1. Control Tests for Effect of RFID Tags

SUPPLEMENTARY INFORMATION

1. Control Tests for Effect of RFID Tags

Methods

Using three additional colonies, we tested the effect of RFID tagging on ant behaviour. We tagged 70% of the workers and observed behaviour within the nest. To test effects on mobility, for each colony we removed external workers (three tagged and three non-tagged) and transferred the workers one by one to a glass arena with a floor marked out in 5mm x 5mm squares. After 1 minute for acclimatisation, ant movement was video recorded (Panasonic NV-DS55B) from directly above the arena for 1 minute. The video was analysed using Adobe Premier Pro (©1991-2000 Adobe Systems Incorporated) and Ant Track software which allows the location of an ant to be pinpointed every 0.8 seconds. From this the mean speed of each ant over 1 minute was calculated. We also calculated the sinuosity of the path using the ratio between the distance from the starting point to the end point and the total path length travelled. This index ranges from 0 to 1, with 1 representing a completely straight path. 95% confidence intervals are given for p-values of non-significant tests (Colegrave and Ruxton 2003; Colegrave and Ruxton 2005).

Results

Tagged ants were observed carrying out usual tasks inside the nest (including self- and allogrooming, brood tending, brood carrying, queen tending, trophallaxis, debris removal) and outside the nest (including exploring arena, collecting protein, sugar solution, water). During emigration into new nests, tagged ants were again involved in all the usual tasks, including exploring the new nest, leading and following tandem runs, carrying other workers and brood, and being carried. No differences between the behaviour of tagged and un-tagged ants were apparent.

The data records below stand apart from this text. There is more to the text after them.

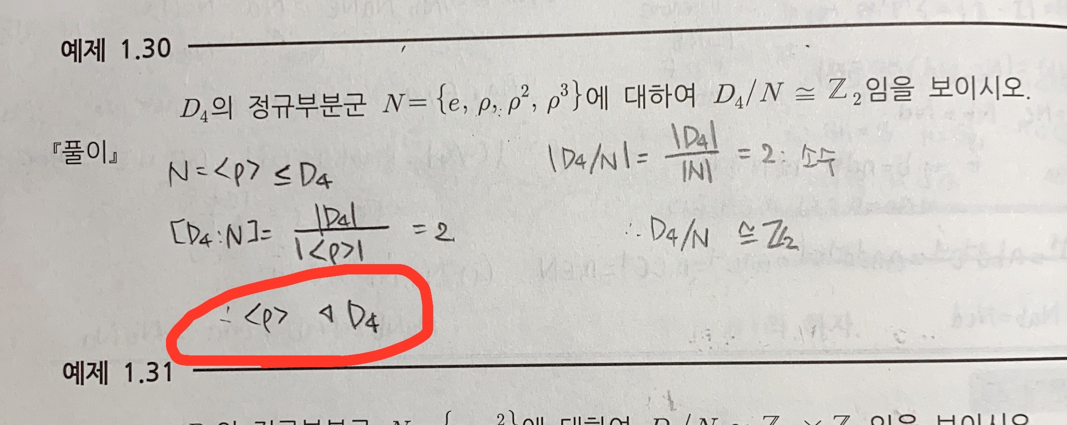 작성자쭈니99 작성시간 21.02.01 1. 정규부분군이라는 조건이 있어야만 G/N이 군이 됩니다. 다음 내용에서 D_4/N이 군이 되어야만 군 Z_2와 동형이 된다는 내용을 진행할 수 있어서 써준 것 같습니다.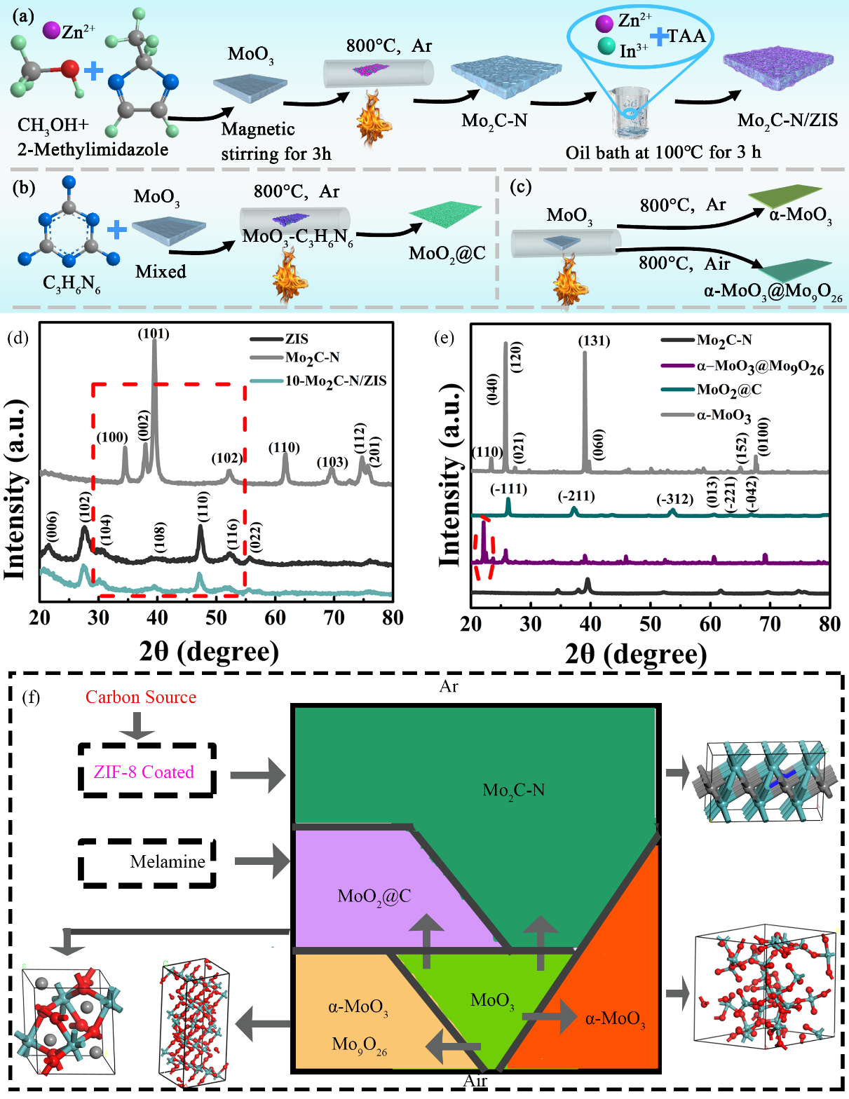 本文先通過熱處理得到Mo2C-N, 并結(jié)合油浴法將超薄ZIS納米片封裝在二維的Mo2C-N表面??紤]到碳源和非均相的影響,采用鋅基沸石型金屬有機(jī)骨架(ZIF-8)或三聚氰胺包覆的MoO3在氬(Ar)氣氛下高溫碳化以控制相轉(zhuǎn)化過程(圖1(a-c))。如圖1(d-e)所示,XRD結(jié)果表明MoO3-ZIF-8和MoO3-C3H6N6最終分別轉(zhuǎn)化為Mo2C-N和碳包覆二氧化鉬(MoO2@C)。圖1(f)解釋了在不同氣氛和條件下,MoO3在高溫相轉(zhuǎn)換過程形成的晶體結(jié)構(gòu)。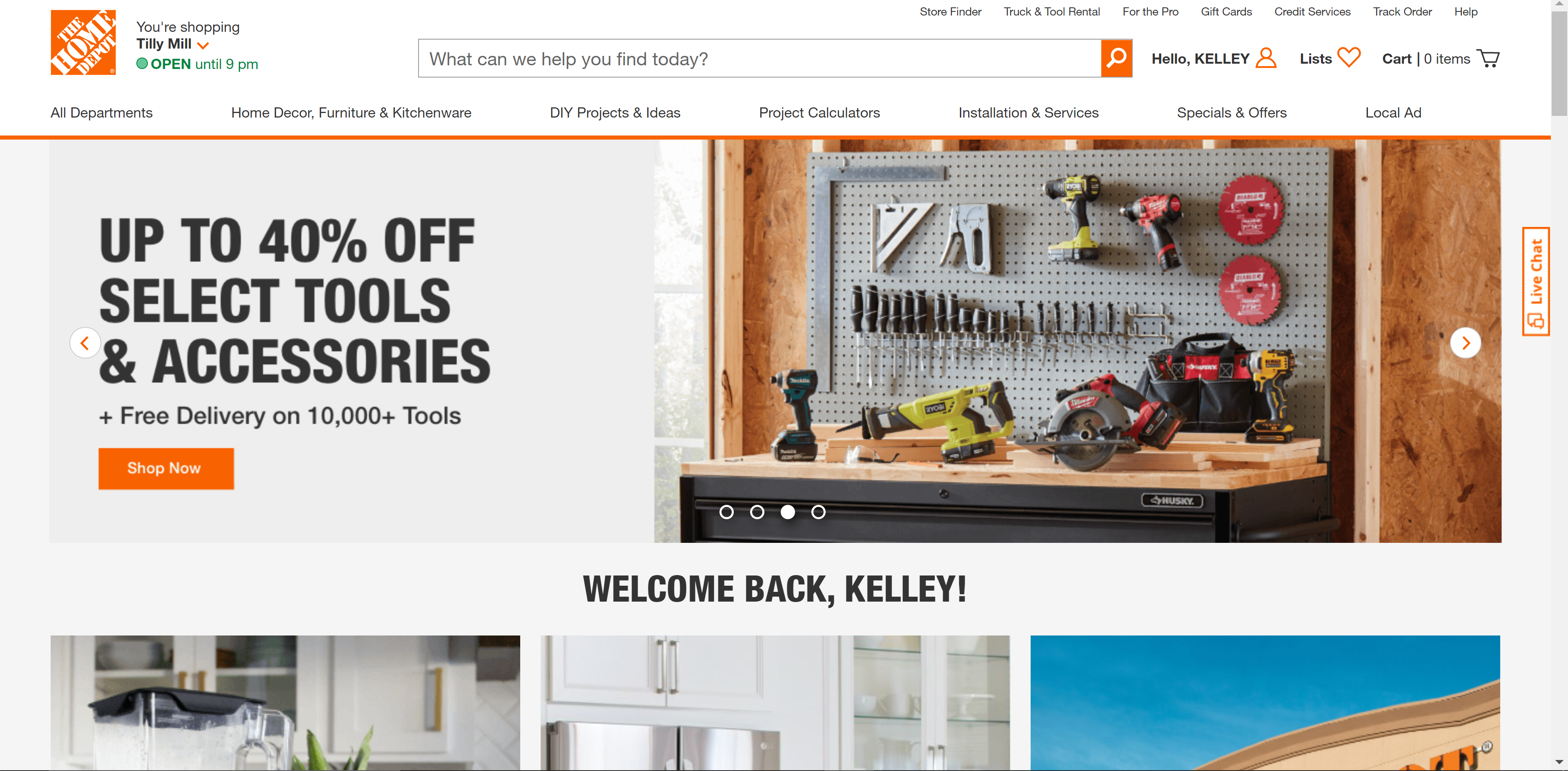 The Home Depot home page as an authenticated user, that contains displayed content published using our applications.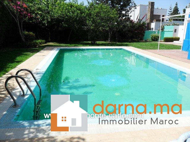 Villa à louer avec piscine et chauffage à Rabat hay riad, climatisation réversible, villa entourée d’un beau jardin avec piscine et puit, composée de triple salons avec deux coins cheminés, bureau, WC des invités, séjour, 6chambres, 5salles de bain, dressing, placards, terrasses, balcons, une cuisine aménagée et équipée , buanderie, logement de personnel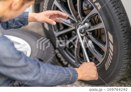 タイヤ交換 スタッドレスタイヤ 十字レンチ メカニック 素手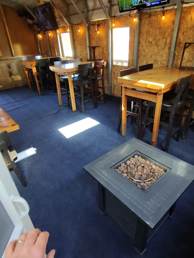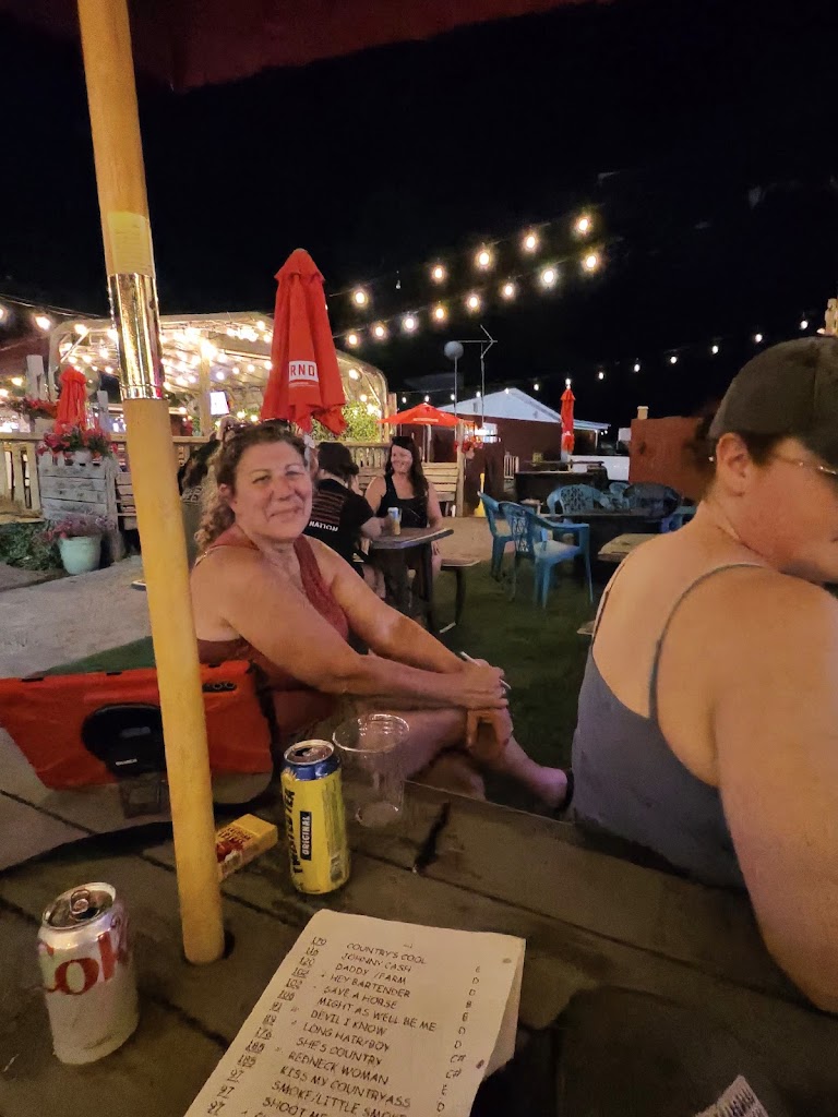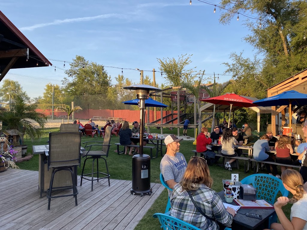 What a great family place. It’s a restaurant and a bar. Volleyball courts, Bags, Basketball throw. Outside bar and restroom (porta potty). Busy place. The band was great. Nice outside space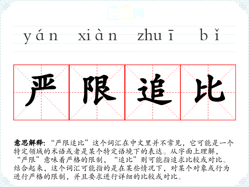 在特定的文化或社会背景下,“严限追比”可能被用来强调对细节的关注和对标准的严格遵守。例如,在追求高质量和精确度的行业或领域,这个词汇可能被频繁使用。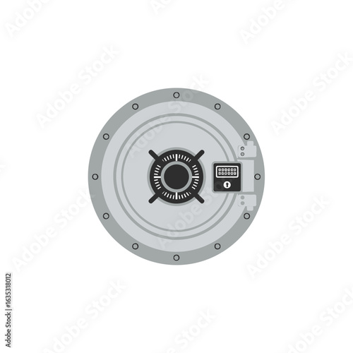 Circular metal vault door with a central locking mechanism and dial.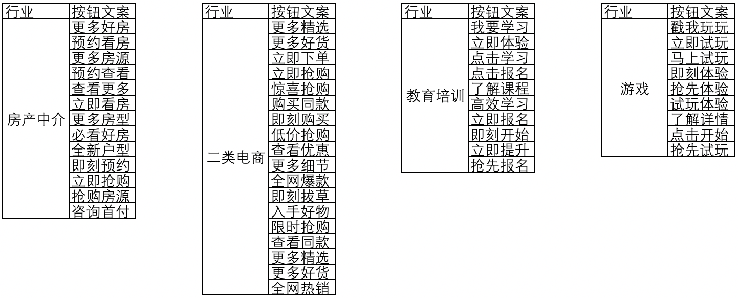 3、按钮文案:前期根据创意内容及行业特色自动适配,后期可支持客户在投放平台自选文案

Running speed was not affected by the presence of an RFID tag (Supplementary Fig. 1). Tagged mean speed 13.0mms-1 (range 6.3-19.4mms-1); non-tagged mean speed 13.3mms-1 (range 7.2-16.0mms-1) t-test: t=0.17, df=15, p=0.87 (95% Confidence Intervals for p: 0.75-1 for the observed difference between means of 0.29mms-1).

Path sinuosity was also unaffected by the presence of an RFID tag (Supplementary Fig. 1). Tagged ants path sinuosity mean± SD 0.24 ± 0.08; non-tagged ants path sinuosity mean± SD 0.23 ± 0.09, t-test: t=0.24, df=15, p=0.82 (95% Confidence Intervals for p: 0.64-1 for the observed difference between means of 0.092).

Supplementary Figure 1. Boxplots of speed and sinuosity of path of tagged and non-tagged ants. Boxes contain interquartile range; horizontal lines indicate median value, w indicate mean value, * indicates outliers.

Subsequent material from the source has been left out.